Talking about a diagnosis for autistic adults
A new autism diagnosis can be very validating but also might lead you to question a lot of things in your life. This 'new normal' phase may take some time to adjust to.
Often, after an autism diagnosis, relationships and families may come under a lot of focus and the family dynamics may change.
Many people have misconceptions about autism. This is often due to a lack of knowledge and understanding. It may be ignorance, but sometimes it feels cruel, and it still hurts.
It is not unusual for your family to be in complete denial about your diagnosis. This can also be the case with your partner. Whilst upsetting, these situations often resolve in time.
Family, partners and friends
After receiving a diagnosis, telling your family, partner and close friends that you are autistic can lead to mixed reactions. They may not be what you hope or expect.
You may be feeling excited at having validation you are autistic and want to share this. You finally have some answers about yourself. You hope they will feel the same and want to learn more about you and how they can best support you. However, their reactions can leave you feeling frustrated or invalidated.
Here are some considerations for you when preparing to tell family, partners and friends:
- Have easy-to-read literature on autism in adults on hand.
- Find examples of famous autistic people and use these as an icebreaker (e.g. how their differences relate to you).
- Some people may have difficulty accepting your diagnosis or feel uncomfortable talking about autism. People can be fearful of things they don’t understand.
- Some responses may invalidate you (e.g. ‘You don’t look autistic.’). Or they may respond with things like: ‘It doesn’t matter about the diagnosis; we know you best.’
- Let people know if you feel hurt by what they say and explain why.

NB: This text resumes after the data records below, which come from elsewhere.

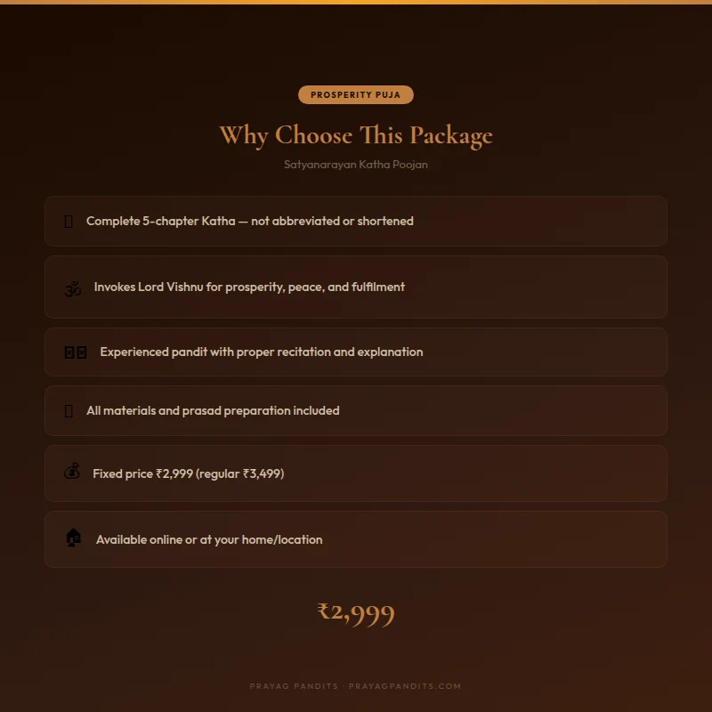 Abundance and Prosperity: Invite abundance and prosperity into your life with the Satyanarayan Katha Poojan. As you engage in the sacred ceremony, you align yourself with the universal flow of abundance and open doors to financial stability and success. The ritual acts as a catalyst for growth, paving the way for wealth and prosperity to manifest in all aspects of your life.
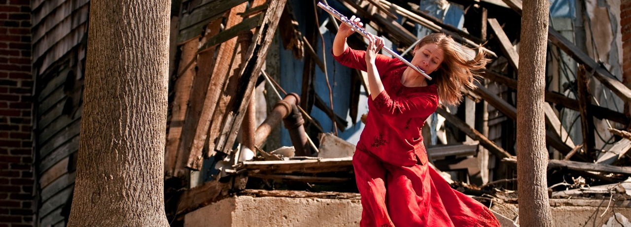 Flute and water converse, breathy timbres envelop pure tones, flute inhabits the world of grasshoppers, a film slowly drinks in the natural world. This is a multimedia solo flute concert that includes live flute performance, film, recorded nature sounds, and electronic manipulation of sound.
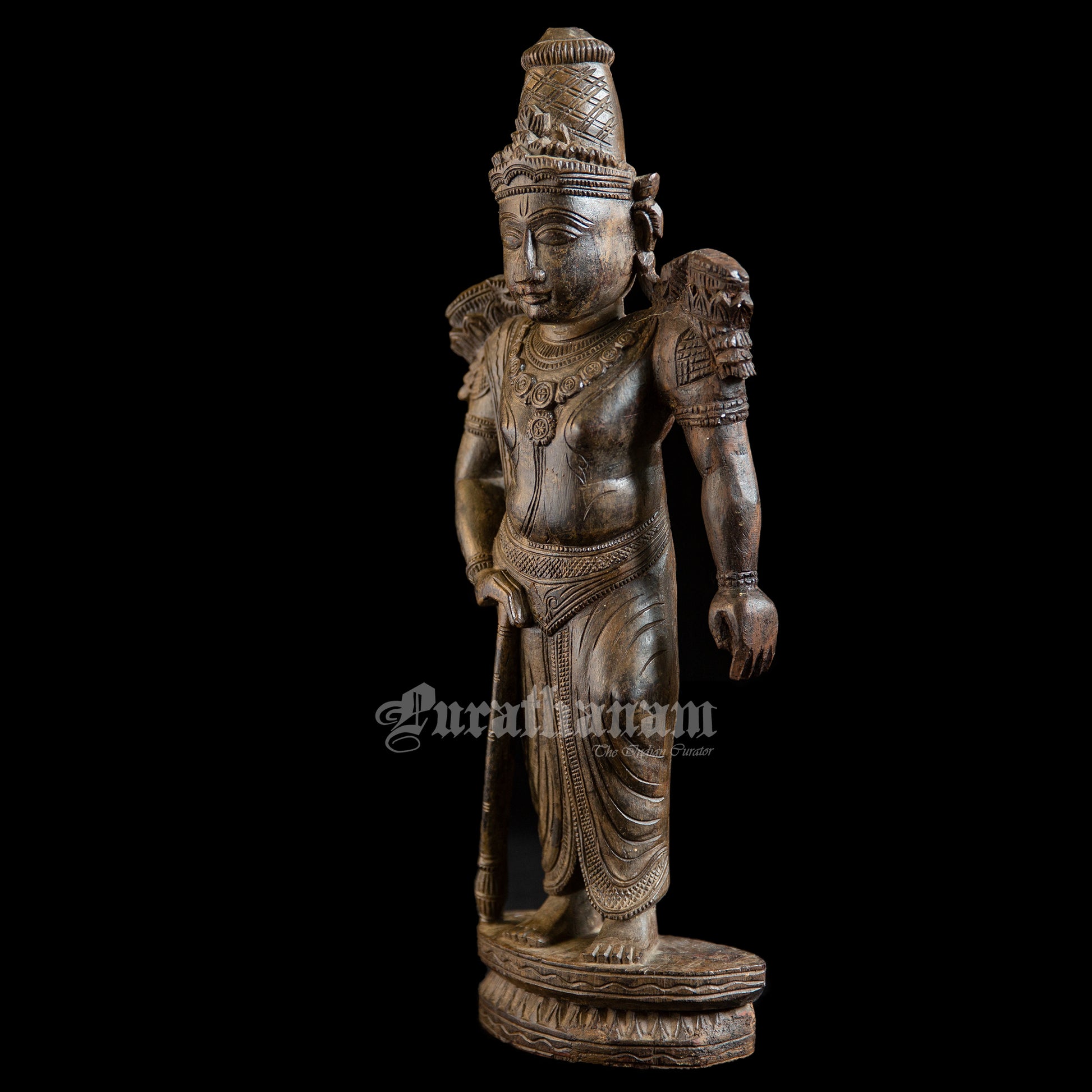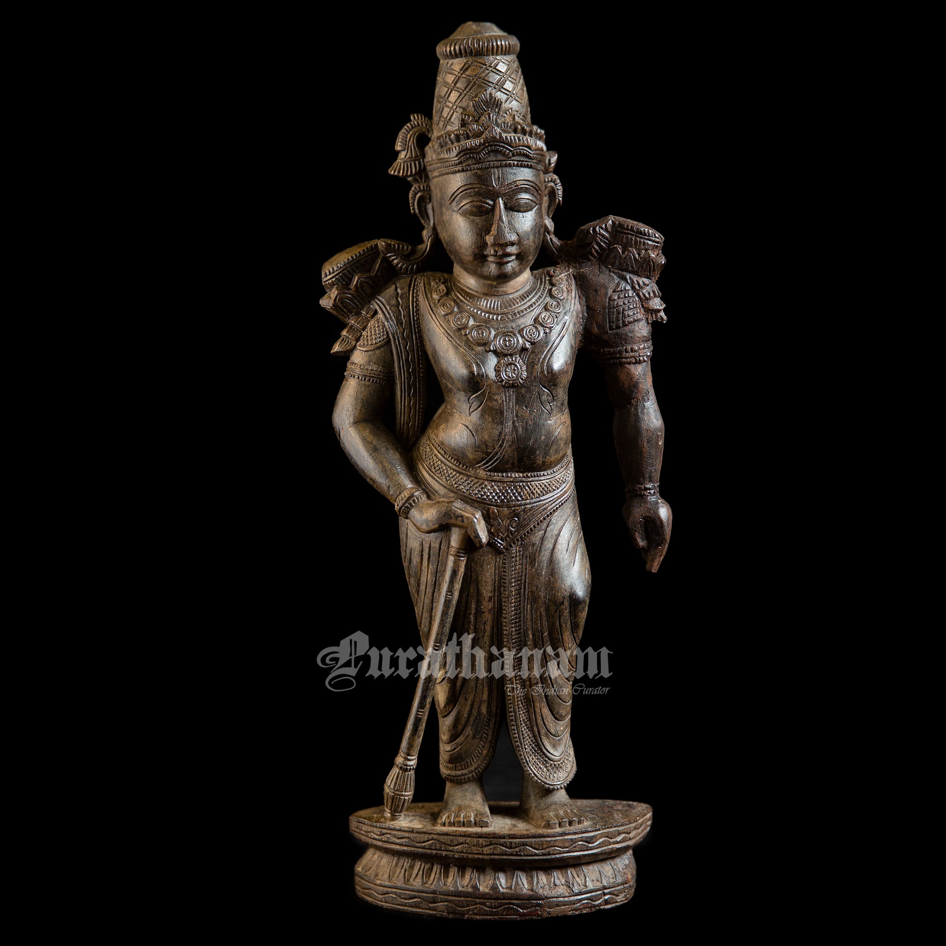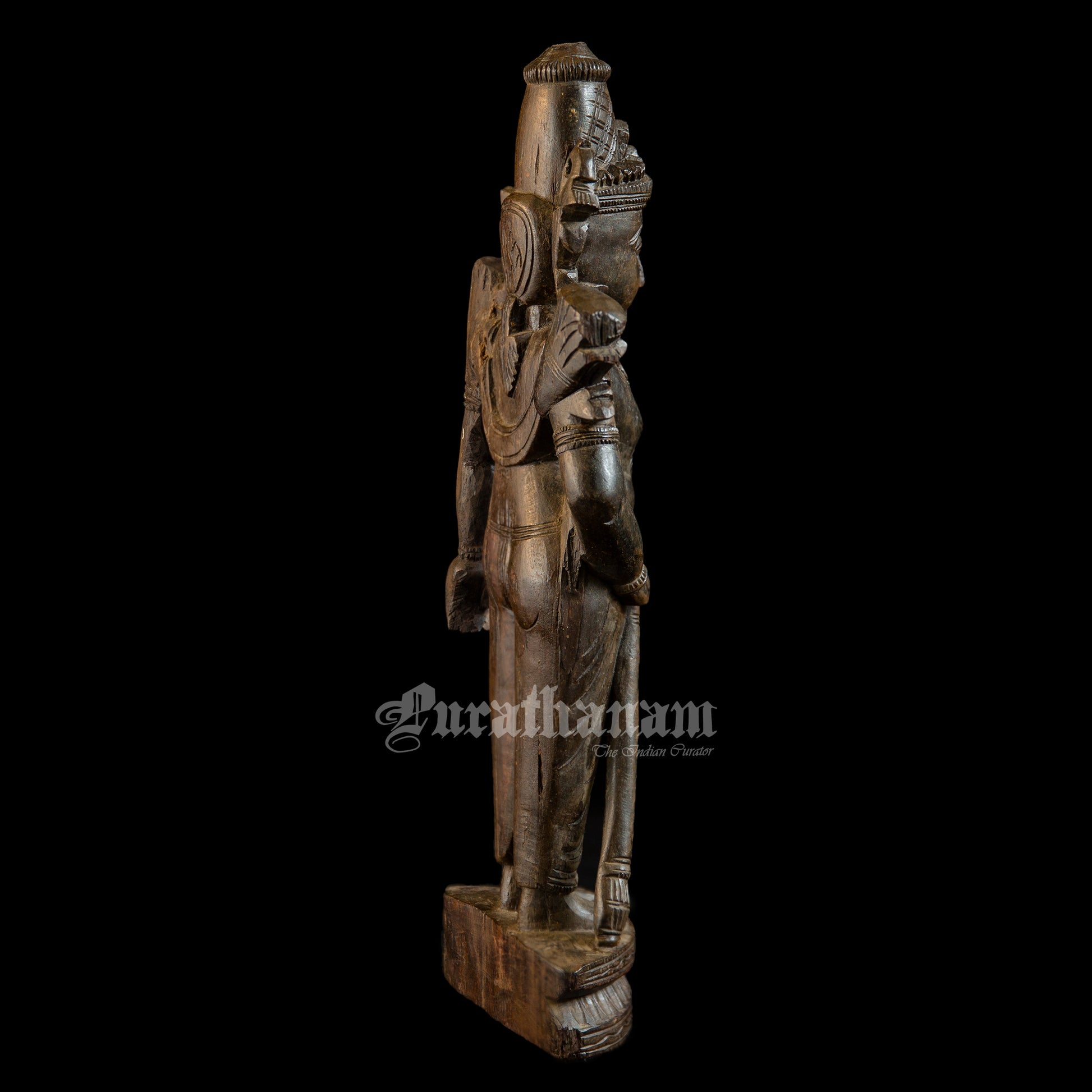 Presenting a handcrafted wooden sculpture of Ram. It is meticulously carved from a single block of red sanders wood with exquisite craftsmanship.
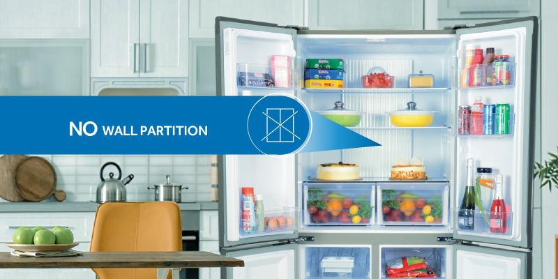 Wider & tougher shelves with no wall partition in between which allows you to store larger utensils & find the kept objects easily
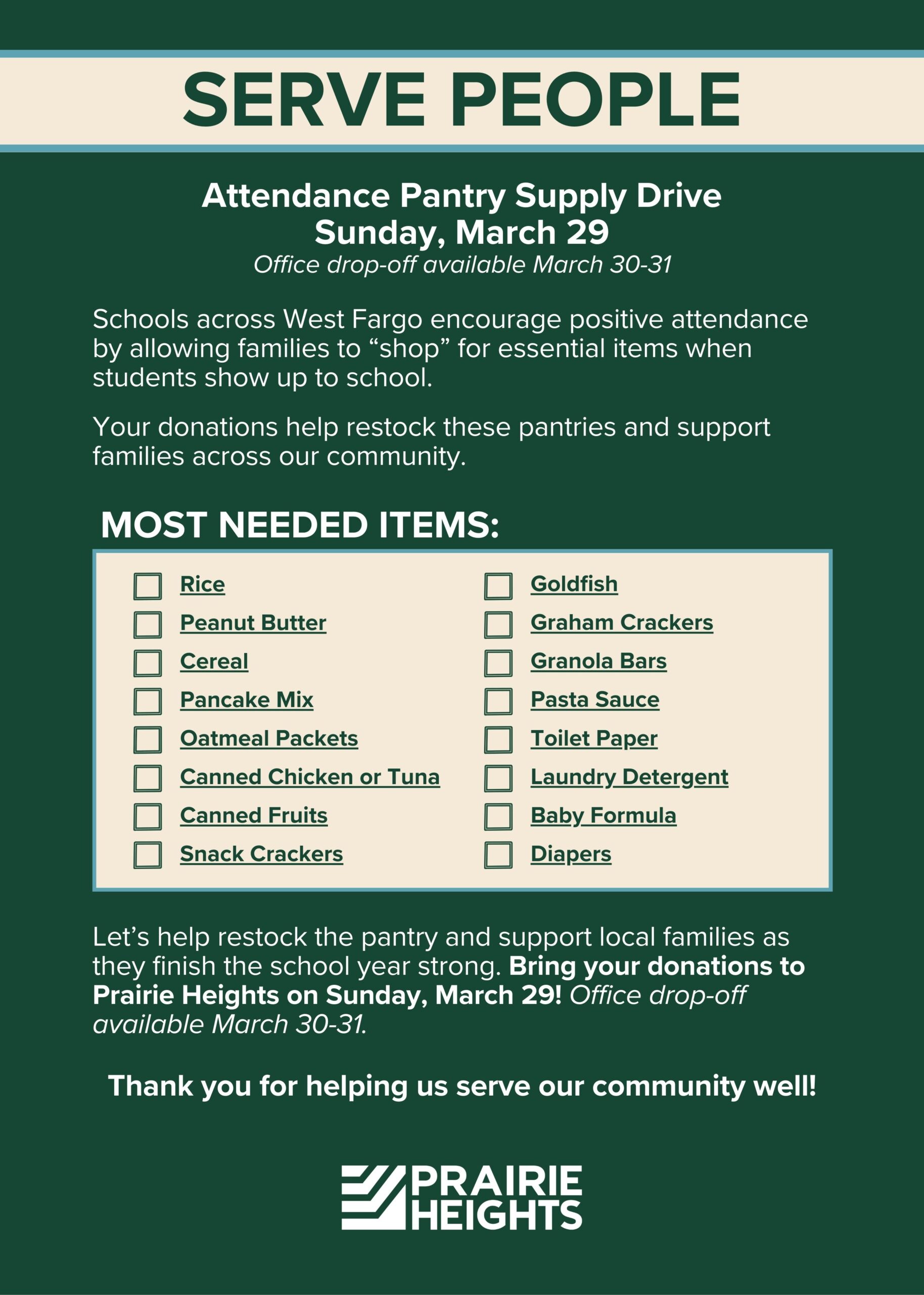 Prairie Heights is collecting donations of household goods, baby supplies, and shelf-stable food to help restock these pantries and serve families across our community.
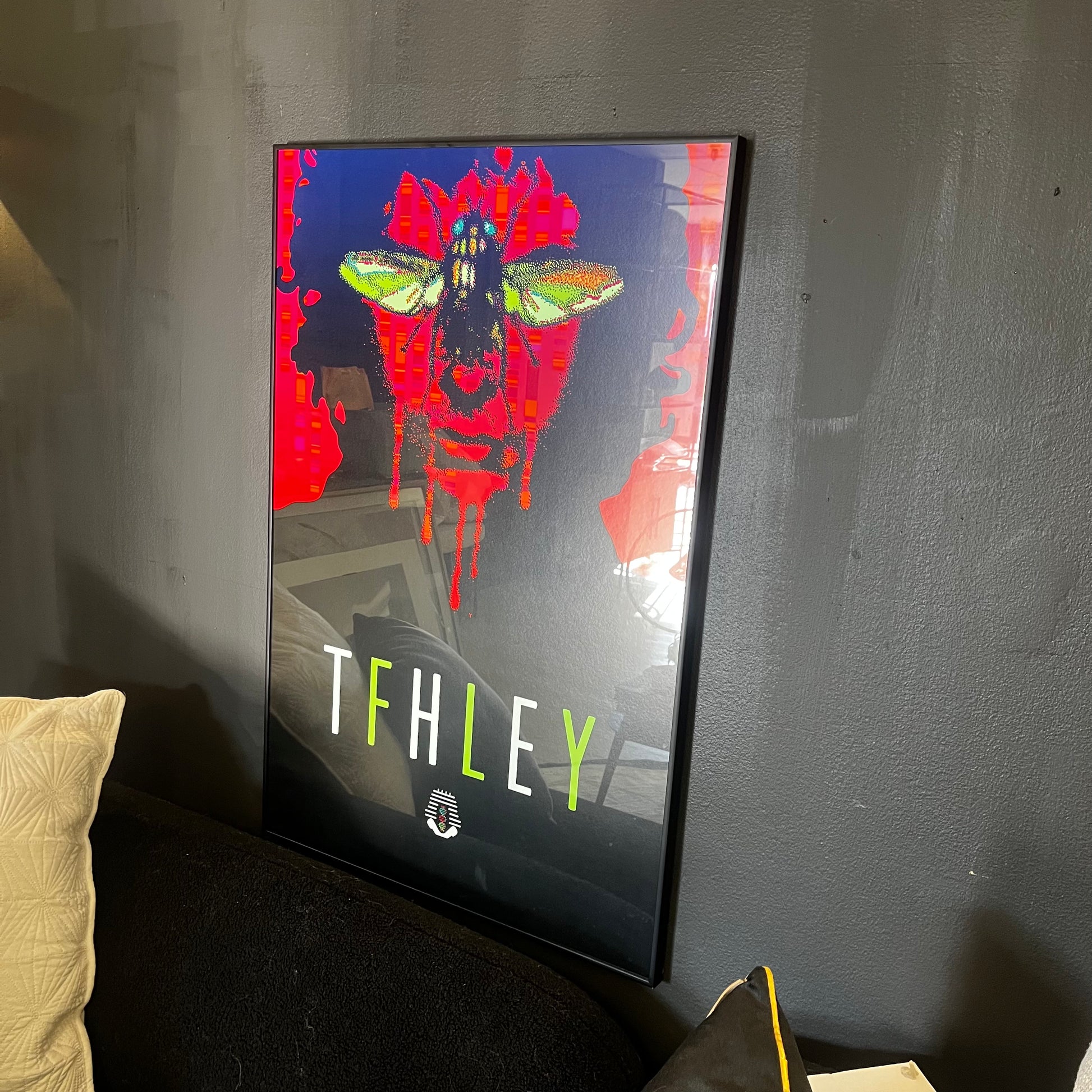 This open box framed edition of The Fly Movie Poster showcases a compelling glitch art design centered around a distinctive insect-like figure, paired with the bold text "TFHLEY." Its artistic approach adds a modern, sophisticated dimension to any collection, making it an intriguing piece for enthusiasts of unique visual styles and classic film memorabilia.

- Give people time to learn more about you and autism.
- Surround yourself with people who will support and validate you.
- Find a network of like-minded people who ‘get’ you. This is especially important if family and friends are not supportive.
Upon diagnosis—coping with the feeling of lost time
It can feel overwhelming to receive a diagnosis or discover late in life that you may be autistic. You may have thoughts like: What could have been if you had known earlier? Would life have been different?
Some people feel sadness, some feel anger, some feel relieved and validated. All these feelings are quite usual and are part of the process of post-diagnosis/identification. These moments can be life-changing and set you on a different path, one of self-discovery.
It can take time to rediscover who you are, especially after what already seems like a lifetime of feeling out of sync with the world.
The feeling of lost time can be hard to cope with. You need to allow yourself the time to work through these feelings. It does take some time to rediscover who you are.
Diagnosis—it can feel like starting life over again
Your diagnosis can feel like starting life over again, undoing misconceptions about you, letting go of what other people may think of you and expectations of fitting in.
It is never too late to learn and make positive changes to your world. You don’t have to feel like you’ve lost time.
It is never too late to find out where you belong and be valued for who you are. Everyone deserves this.
Re-evaluate your life, your way.
It is okay to reflect on what could have been, but don’t stay there. You probably already know from experience what doesn’t work for you. Now, spend time finding out what does.